The display shows
|1.||each key word|
|2.||its frequency in the source text(s) which these key words are key in. (Freq. column below)|
|3.||the % that frequency represents.|
|4.||its frequency in the reference corpus (RC. Freq. column)|
|5.||the reference corpus frequency as a %|
|6.||keyness (chi-square or log likelihood statistic) (Keyness column)|
The calculation of how unusual the frequency is, is based on the statistical procedure used. The statistic appears to the right of the display. If the procedure is log likelihood, or if chi-square is used and the usual conditions for chi-square obtain (expected value >= 5 in all four cells) the probability (p) will be displayed to the right of the chi-square value.
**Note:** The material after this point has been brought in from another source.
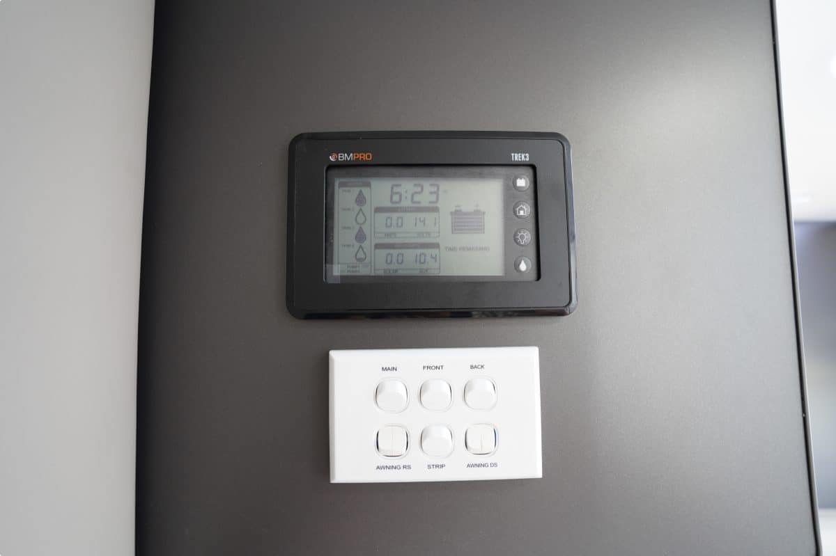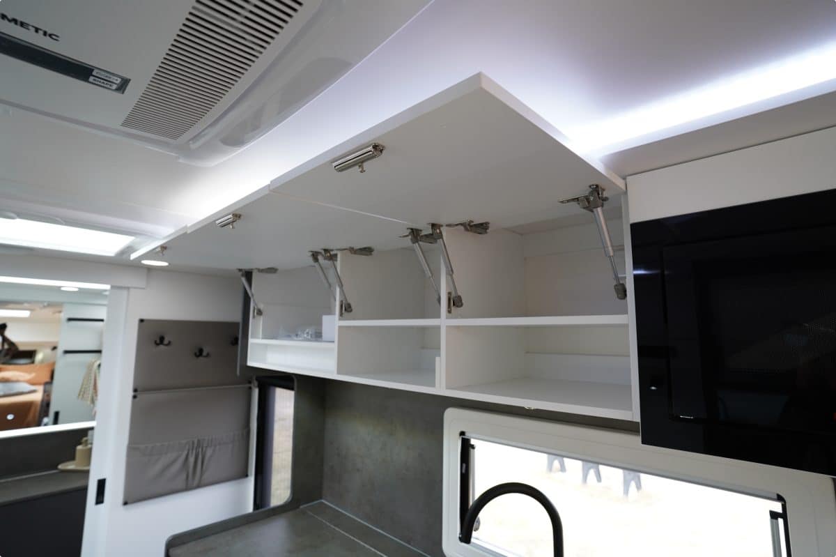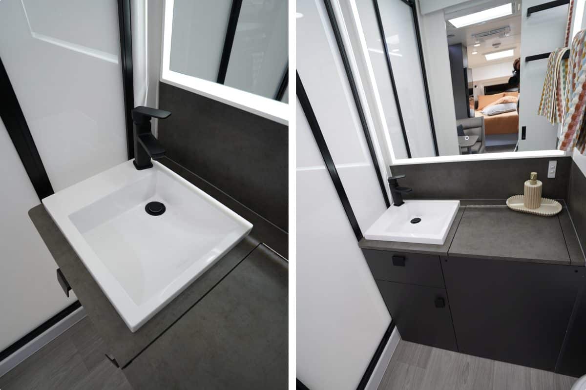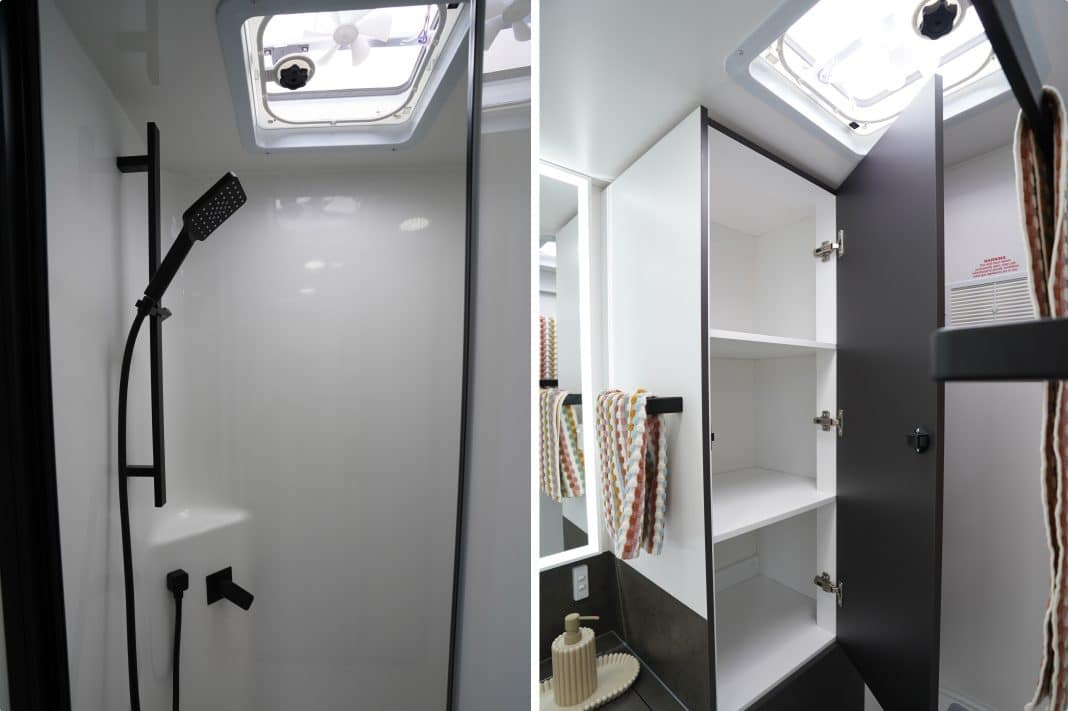 The bathroom layout comprises a large, gorgeous backlit illuminated mirror. Franklin uses Perspex shower door with a full-length magnetic catch to save on weight and installs a waterproof ceiling above the one-piece fibreglass shower-serviced with instantaneous hot water.

The criterion for what counts as "outstanding" is based on the minimum probability value selected before the key words were calculated. The smaller the number, the fewer key words in the display. Usually you'll not want more than about 40 key words to handle.
The words appear sorted according to how outstanding their frequencies of occurrence are. Those near the top are outstandingly frequent. At the end of the listing you'll find any which are outstandingly infrequent (negative keywords), in a different colour.
There is no upper limit to the keyness column of a set of key words. It is not necessarily sensible to assume that the word with the highest keyness value must be the most outstanding, since keyness is computed merely statistically; there will be cases where several items are obviously equally key (to the human reader) but the one which is found least often in the reference corpus and most often in the text itself will be at the top of the list.